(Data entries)
==============================

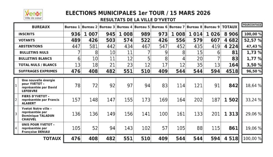 Retrouvez le tableau en intégralité sur https://www.yvetot.fr/resultats-du-premier-tour-des-elections-municipales
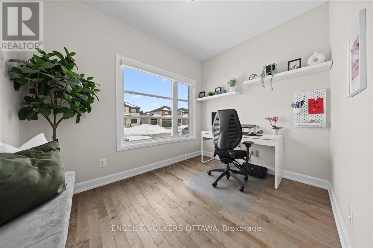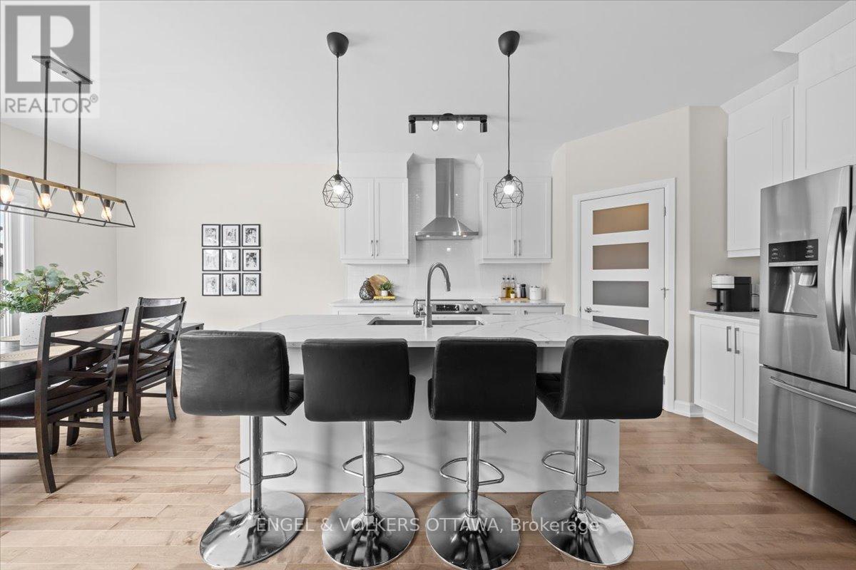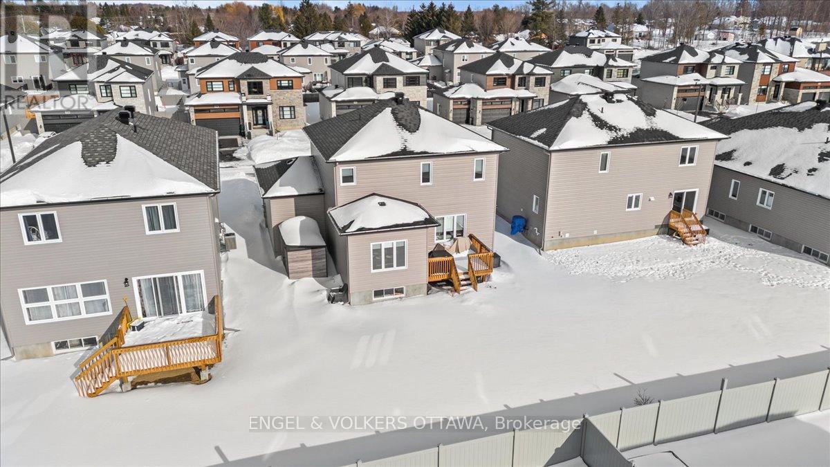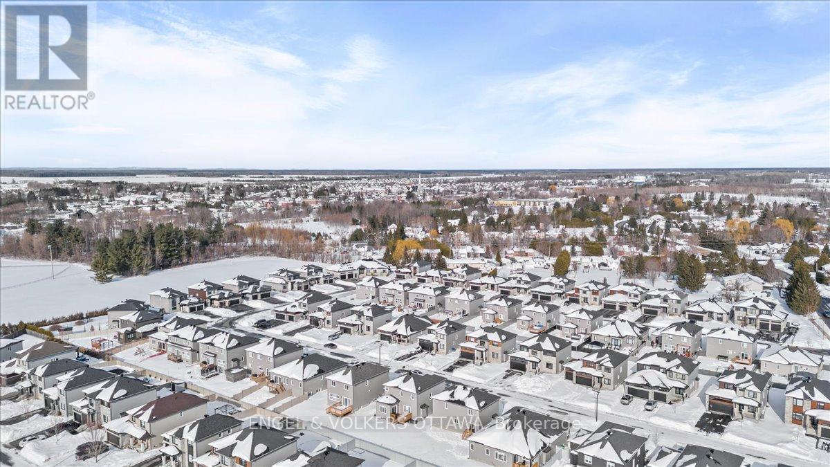 Built by reputable Melanie Homes in 2023, this beautifully finished 3+1 bedroom, 2.5 bath home offers the perfect blend of thoughtful design, quality craftsmanship, and modern comfort. Situated on a large lot on a quiet crescent in family friendly Ste Marie Hamlet in Embrun, only 30 minutes to downtown Ottawa, this home has been exceptionally well cared for and is completely move-in ready.The main floor with 9' ceilings features a bright and functional layout filled with natural light, including a dedicated front office that is ideal for working from home, and a stunning open concept living (featuring a gorgeous gas fireplace), dining, and kitchen space designed for everyday living and entertaining. The kitchen showcases upgraded cabinetry, quartz counters, and the added convenience of a walk in pantry, providing both style and practical storage.Upstairs, the spacious primary suite offers a true retreat, complete with a spa inspired ensuite featuring a stand alone tub, double sinks, and elegant finishes, as well as a large walk in closet. Two additional bedrooms provide comfortable space for family or guests.The fully finished basement extends the living space with a fourth bedroom, generous storage, and a flexible layout that can easily accommodate a home gym, media room, or play space.Outside, enjoy the large backyard (and with storage shed) back deck, and permanent outdoor lighting that enhances both curb appeal and year round enjoyment. The double car garage adds convenience and functionality.Located in a welcoming community close to parks, schools, the baseball diamond, and the future recreation centre in Russell Township, this home offers an ideal setting for families looking for space, comfort, and connection. (id:64974)
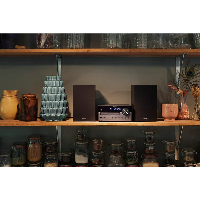 Questo sistema micro dal look classico garantisce un'esperienza d'ascolto domestico più ricca: radio DAB+/FM digitale cristallina, musica e podcast in streaming e CD, il tutto con un audio ricco da 60 W. È possibile collegare altre sorgenti tramite USB o ingresso audio.
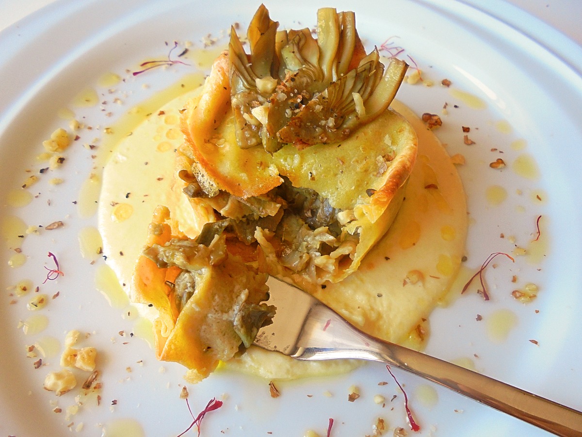Qui l’ho preparato con dei carciofi romaneschi e della burrata, ingrediente che si presta benissimo ad amalgamare la farcia; ho poi aggiunto delle noci tritate. Il tutto servito con della crema di pecorino romano e zafferano di Navelli.
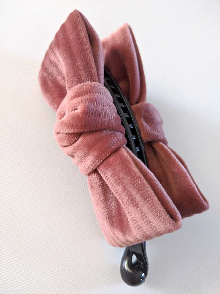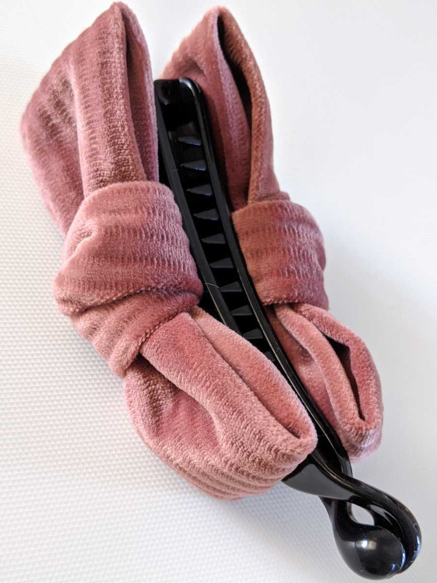 こちらは、ピンク リボン ベロア素材 バナナクリップ になります♪
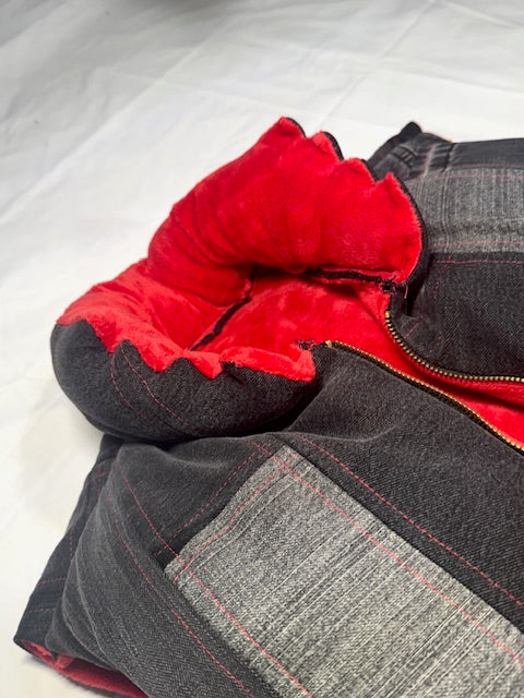 Gradient black to grey denim patchwork puffer vest with vibrant red fluffy inner liner. Features signature step collar design, and split kangaroo pockets on each side of the zipper reinforced with chrome rivets.
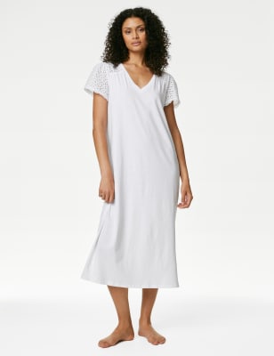 Pure Cotton Broderie Trim Long Nightdress Very well made.
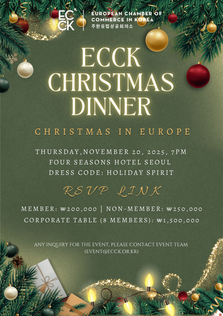 november 2025 20nov7:00 PM9:30 PMECCK Christmas Dinner 2025ECCK Events:ECCK Event Details For more details and register, please click this link. Partnership proposal_ECCK Christmas Dinner 2025_Nov.20 Event Details For more details and register, please click this link. Partnership proposal_ECCK Christmas Dinner 2025_Nov.20 Time (Thursday) 7:00 PM - 9:30 PM LocationNuri Ballroom (6F), Four Seasons Hotel Seoul97 Saemunan-ro, Jongno-gu, Seoul CalendarGoogleCal
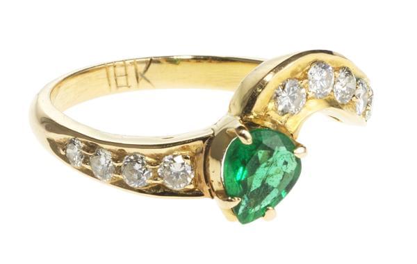 3263. Bague sertie d'une émeraude taille poire (env. 0,5 ct) épaulée d...
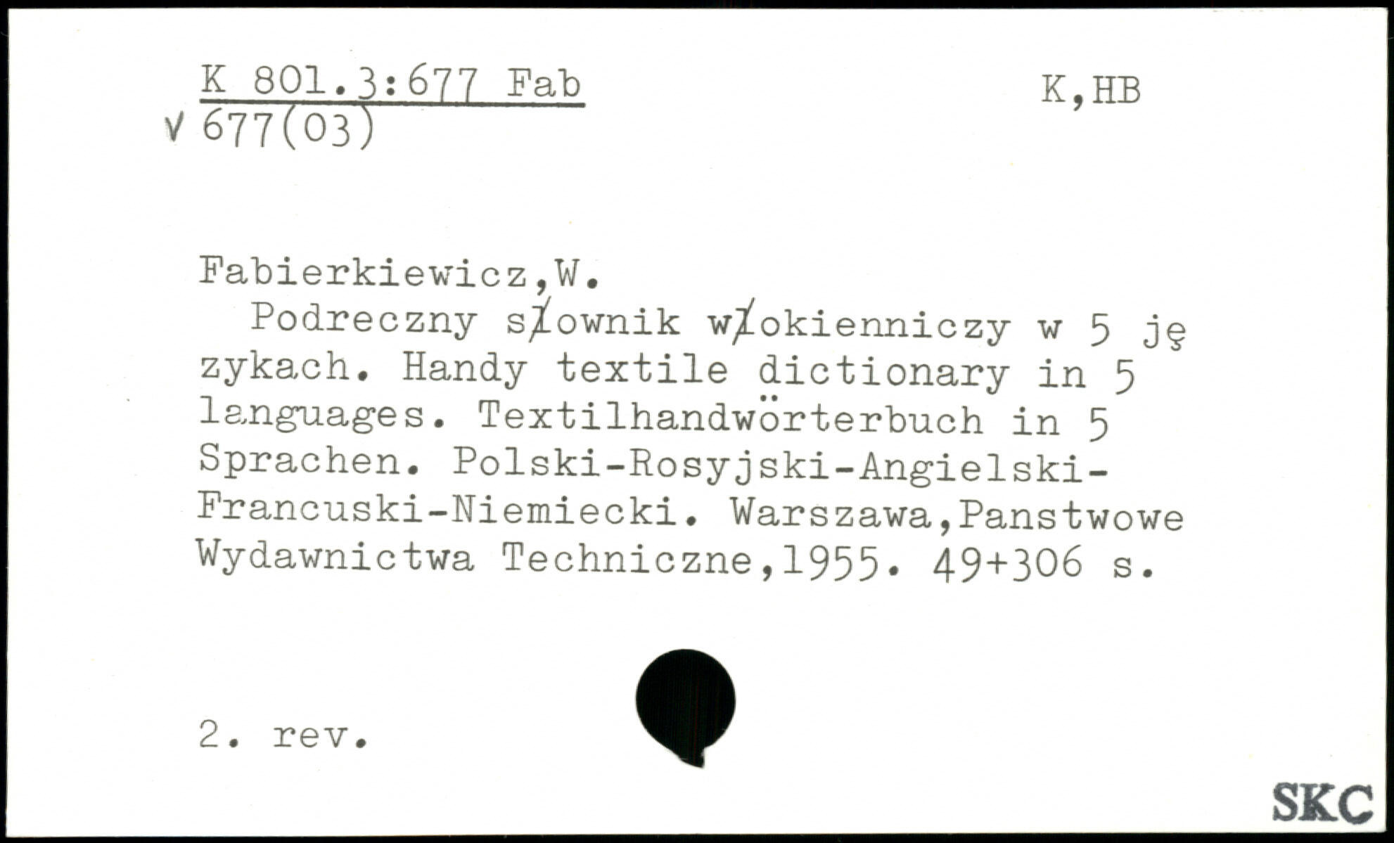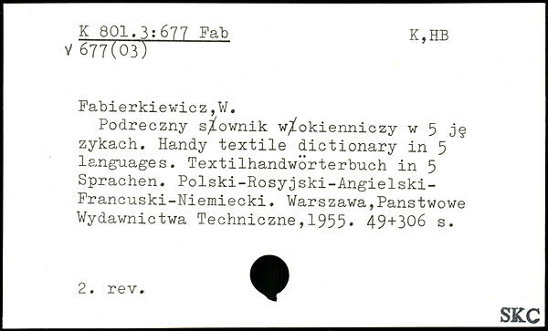 Podreczny s^ownik w^okienniczy w 5 zykach. Handy textile dictionary in 5 languages. Textilhandwörterbuch in
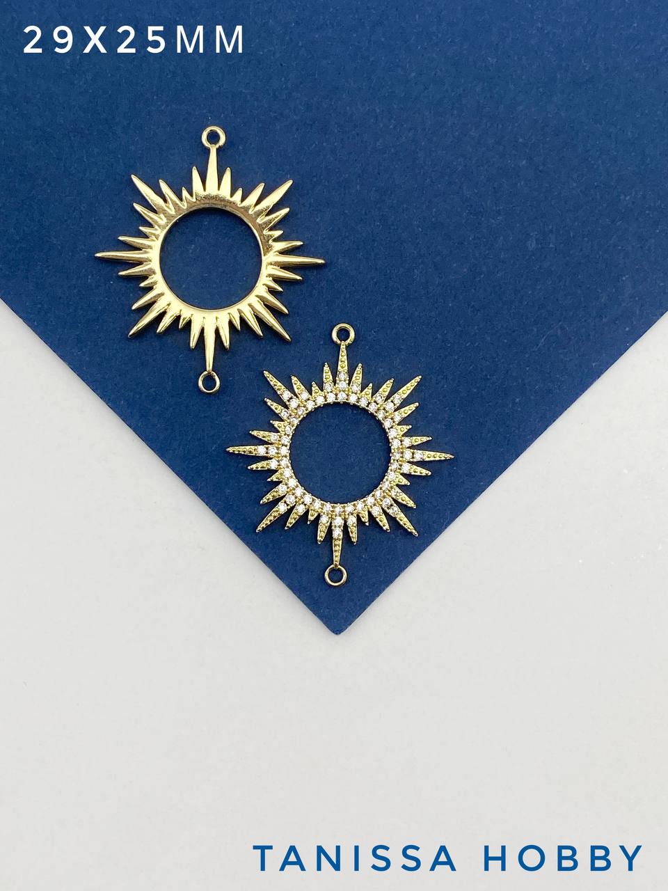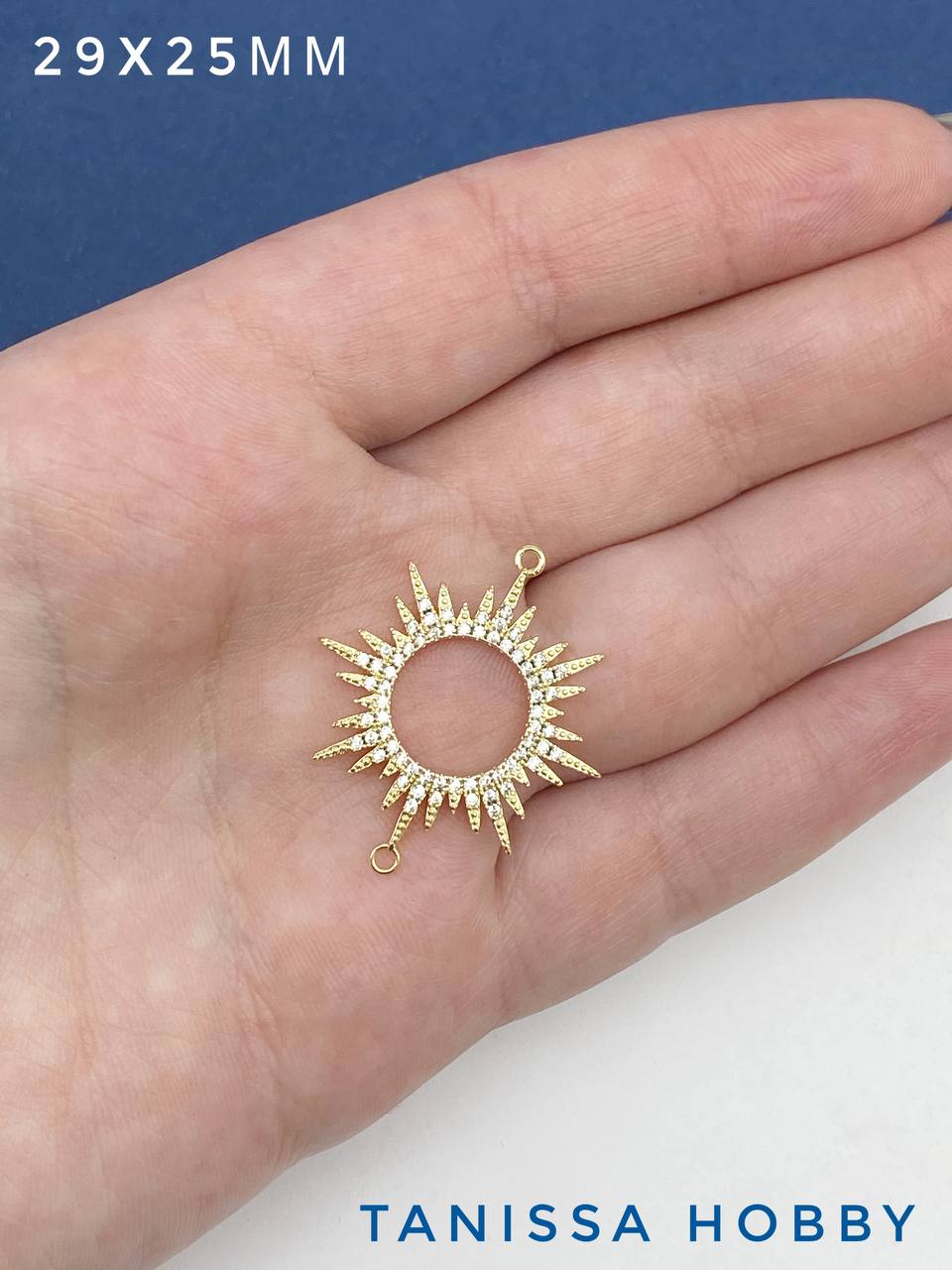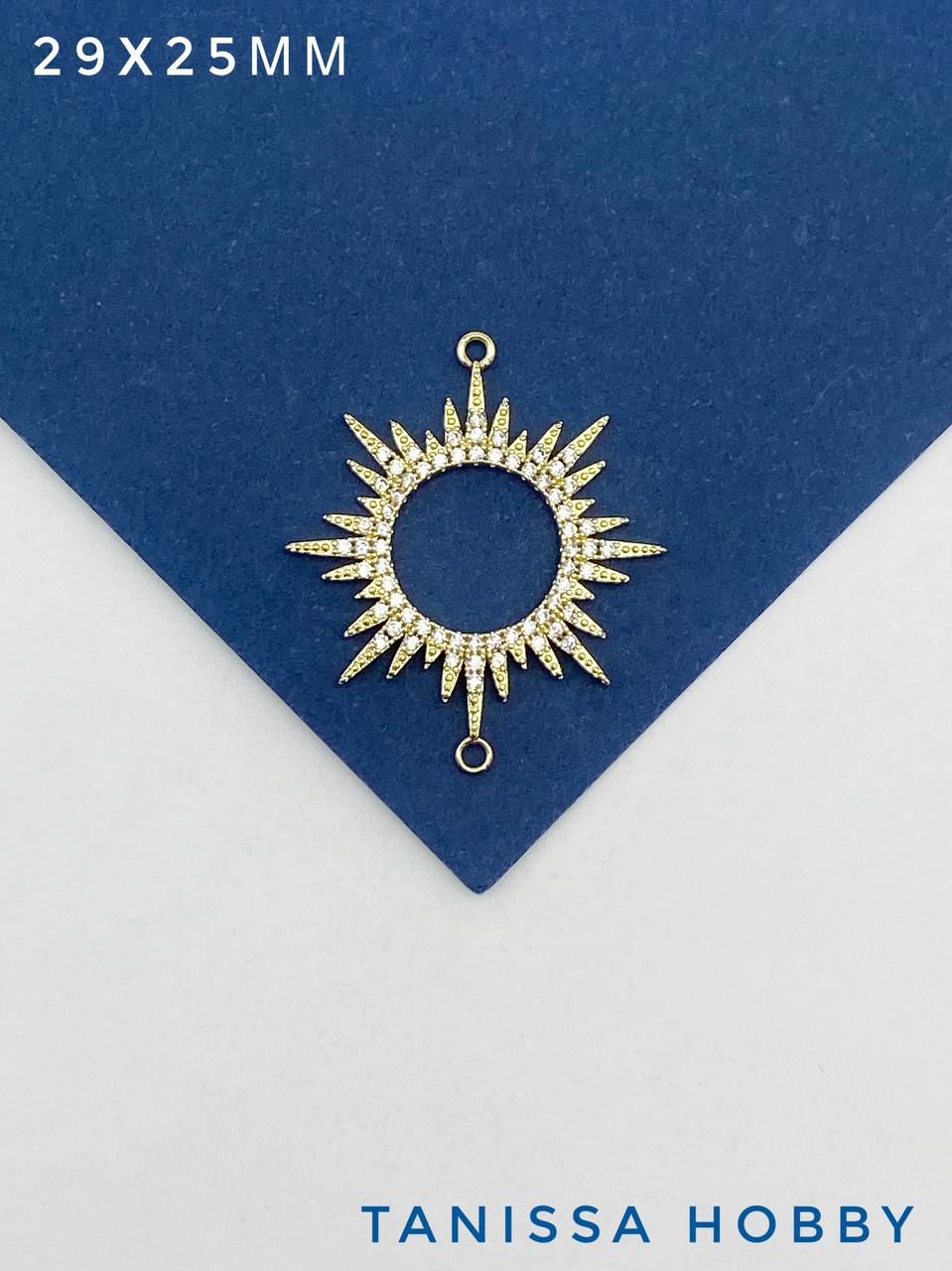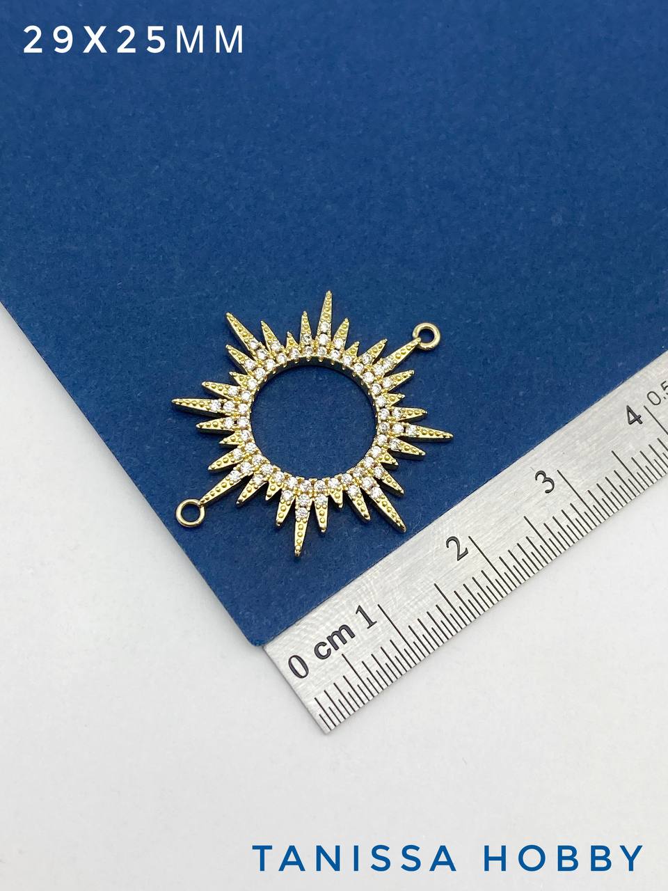 Коннектор солнце звезда с фианитами 29х25мм, позолота, С121

==============================

* **Aim of the task**
Once the line holding "3263. Bague sertie" is found, set down that line and every line after it, exactly, through the last line of the records above, omitting pictures.

* **Answer space**
 3263. Bague sertie d'une émeraude taille poire (env. 0,5 ct) épaulée d...
 Podreczny s^ownik w^okienniczy w 5 zykach. Handy textile dictionary in 5 languages. Textilhandwörterbuch in
 Коннектор солнце звезда с фианитами 29х25мм, позолота, С121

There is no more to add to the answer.